Ferius smiled. ‘Path of the Wild Daisy, kid.’

She pulled out one of her decks and dealt us out eight cards each, telling me the rules of a new game as she did. We played a few hands. I’d glance over at Seneira and her father every once in a while, then pay attention to the game again. After a while I heard Reichis snoring, passed out inside one of the drawers. It didn’t seem like much time had passed, but at one point when I looked over, I saw Seneira and Beren slumped over on each side of Tyne’s bed.
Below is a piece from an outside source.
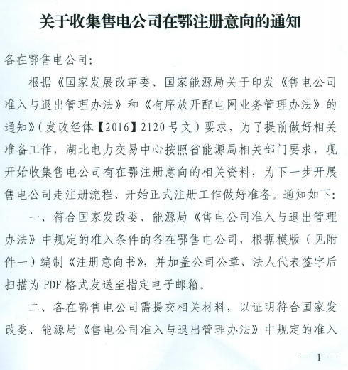 湖北電力交易中心發(fā)布《關(guān)于收集售電公司在鄂注冊意向的通知》

Figuring it was my turn to deal, I reached over to get the deck from Ferius, but the cards were strewn across the floor between us. I was going to chide her for dropping them, but her eyes were closed. That was unusual. Ferius never went to sleep until she’d secured whatever place we were holed up in, whether by setting traps around a campsite or barring entrances when we were indoors. I considered jostling her awake, but my own eyes were so heavy I could barely keep them open.

Wait, I thought. My eyes are already closed. Why can’t I open them?

There were, of course, any number of plausible explanations why I might be falling asleep. I was exhausted, bored and hadn’t eaten in ages. But there was one particularly good reason for me to remain conscious: my utter terror of being attacked again.

Wake up, I told myself. The command had no effect. Something was preventing me from opening my eyes.

Fear. Reach for the fear.

I gave free rein to all my worst terrors of being killed in my sleep – visions I usually worked very hard to ignore. A cold sweat came over me, pushing through the somnolence as the overwhelming desire to flee fought against the urge to sleep. I’m not sure what it says about me that I can make myself so terrified that I was able to wake when Ferius, ever watchful, couldn’t. My eyes finally blinked open, and that’s when I saw him.

He was tall – well, taller than me anyway. The light shed from the lantern over the bed was enough for me to make out the swarthy, weather-worn look of his handsome features. The intruder wore black leather riding trousers with heavy boots and spurs. His shirt was soft white linen and a bracelet made from some kind of glistening black stone beads adorned his left wrist. On his head he wore a black Daroman frontier hat, which at first looked just like Ferius’s, but then I noticed something odd: symbols etched in silver travelled all the way around the band above the brim. Glyphs. The kinds of magical motifs I recognised because I’d been around them most of my life. That’s when I noticed that the sleeves of his shirt were rolled up, and that there were three faded tattooed bands on each of his forearms.

Jan’Tep, I thought, as the last vestiges of whatever sleep spell he’d used faded away and I rose to my feet.

‘Hello there, Kellen of the house of Ke,’ he said, his hands loose at his sides, ready to cast another spell. ‘Imagine finding you here.’